Check out our [demo notebook](https://github.com/gastruc/AnySat/blob/main/demo.ipynb) or [huggingface page](https://huggingface.co/gastruc/anysat) for more details.

## Install and load Anysat

```python

import torch

AnySat = torch.hub.load('gastruc/anysat', 'anysat', pretrained=True, flash_attn=False)

```
Set `flash_attn=True` if you have [flash-attn](https://pypi.org/project/flash-attn/) module installed.

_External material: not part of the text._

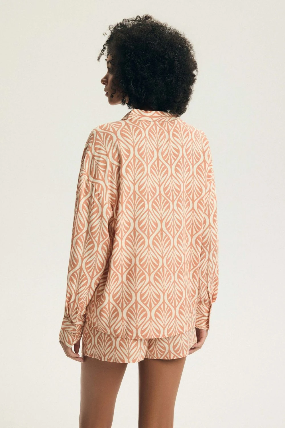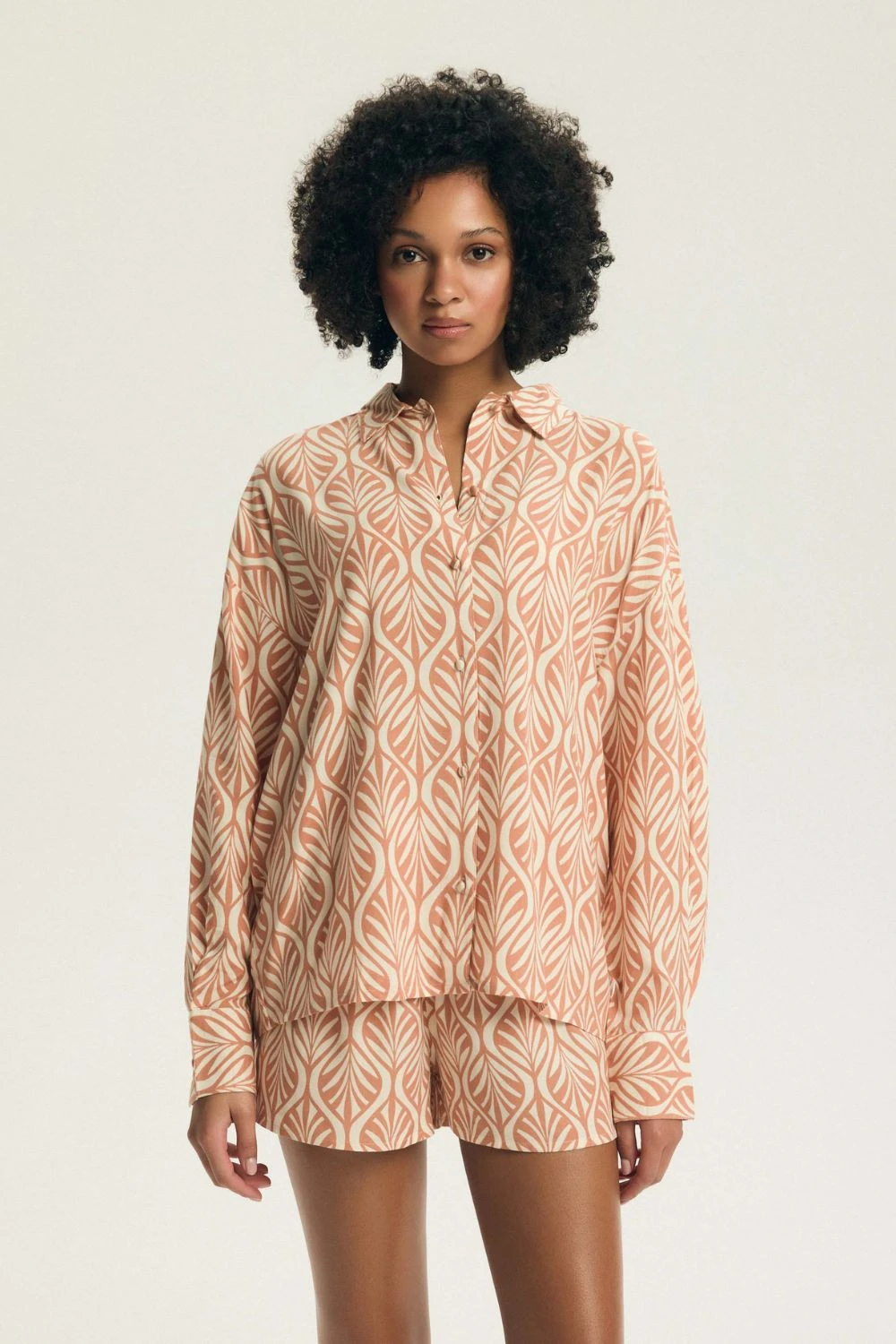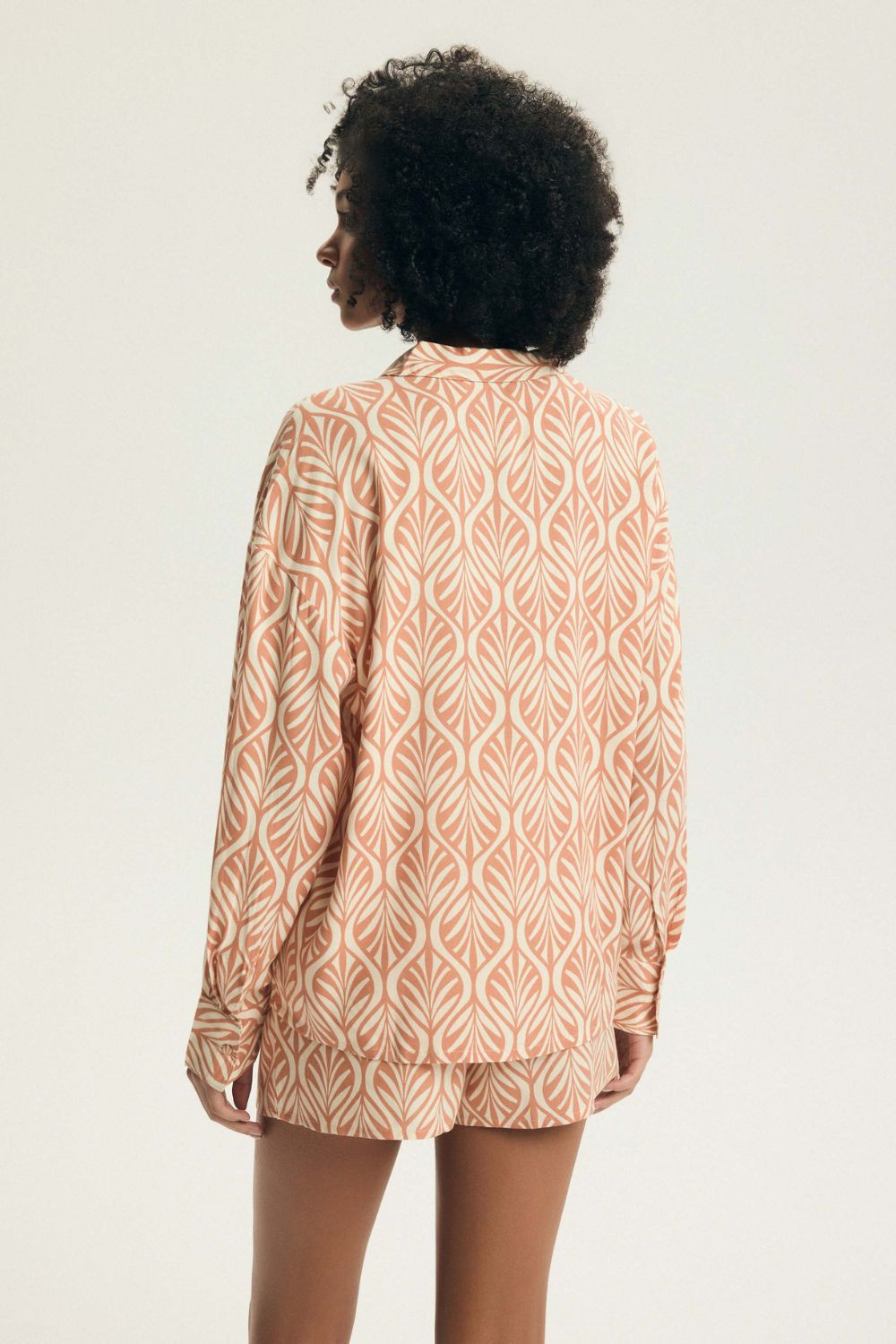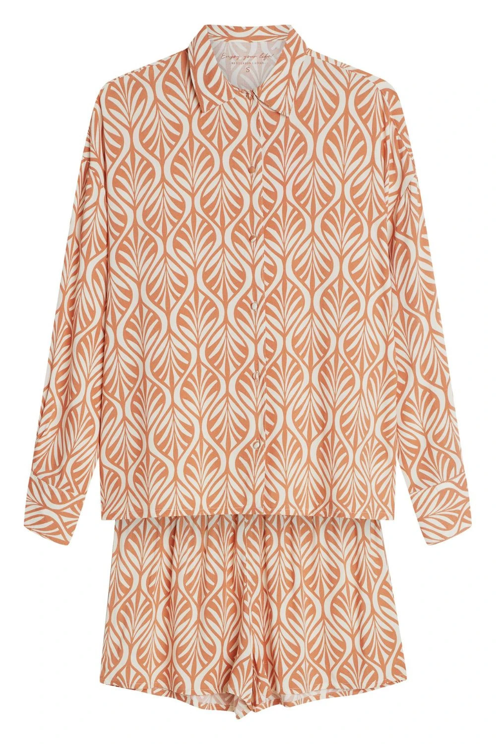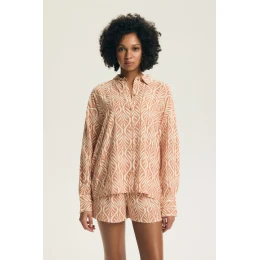 Stylový dámský pyžamový set skládající se z košile s dlouhým rukávem a krátkých kalhotek, spojující pohodlí s elegantním, klasickým stylem. Vyrobený z měkké a prodyšné látky, poskytuje pohodlí a příjemný pocit lehkosti po celou noc. Košile s límečkem a zapínáním na knoflíky dodává setu eleganci a nadčasový charakter, zatímco materiál s potiskem jemně podtrhuje moderní vzhled pyžama. Krátké kalhoty s elastickým pasem zaručují pohodlné padnutí a plnou volnost pohybů. Vysoká kvalita zpracování zajišťuje, že set je odolný a pohodlný k nošení. Dvoudílná sada, praktický a stylový návrh jak pro každodenní nošení, tak i jako dárek.

It is not required and only impacts memory and speed.

## Format your data

Arrange your data in a dictionary with any of the following keys:

| Dataset       | Description                       | Tensor Size                                          | Channels                                  | Resolution |
|---------------|-----------------------------------|-----------------------------------------|-------------------------------------------|------------|
| aerial        | Single date tensor |Bx4xHxW                                              | RGB, NiR                                  | 0.2m       |
| aerial-flair  | Single date tensor |Bx5xHxW                                              | RGB, NiR, Elevation                       | 0.2m       |
| spot          | Single date tensor |Bx3xHxW                                              | RGB                                       | 1m         |
| naip          | Single date tensor |Bx4xHxW                                              | RGB                                       | 1.25m      |
| s2            | Time series tensor |BxTx10xHxW                                           | B2, B3, B4, B5, B6, B7, B8, B8a, B11, B12 | 10m        |
| s1-asc        | Time series tensor |BxTx2xHxW                                            | VV, VH                                    | 10m        |
| s1            | Time series tensor |BxTx3xHxW                                            | VV, VH, Ratio                             | 10m        |
| alos          | Time series tensor |BxTx3xHxW                                            | HH, HV, Ratio                             | 30m        |
| l7            | Time series tensor |BxTx6xHxW                                            | B1, B2, B3, B4, B5, B7                    | 30m        |
| l8            | Time series tensor |BxTx11xHxW                                           | B8, B1, B2, B3, B4, B5, B6, B7, B9, B10, B11 | 10m     |
| modis         | Time series tensor |BxTx7xHxW                                            | B1, B2, B3, B4, B5, B6, B7                | 250m       |
   
Note that time series requires a `_dates` companion tensor containing the day of the year: 01/01 = 0, 31/12=364.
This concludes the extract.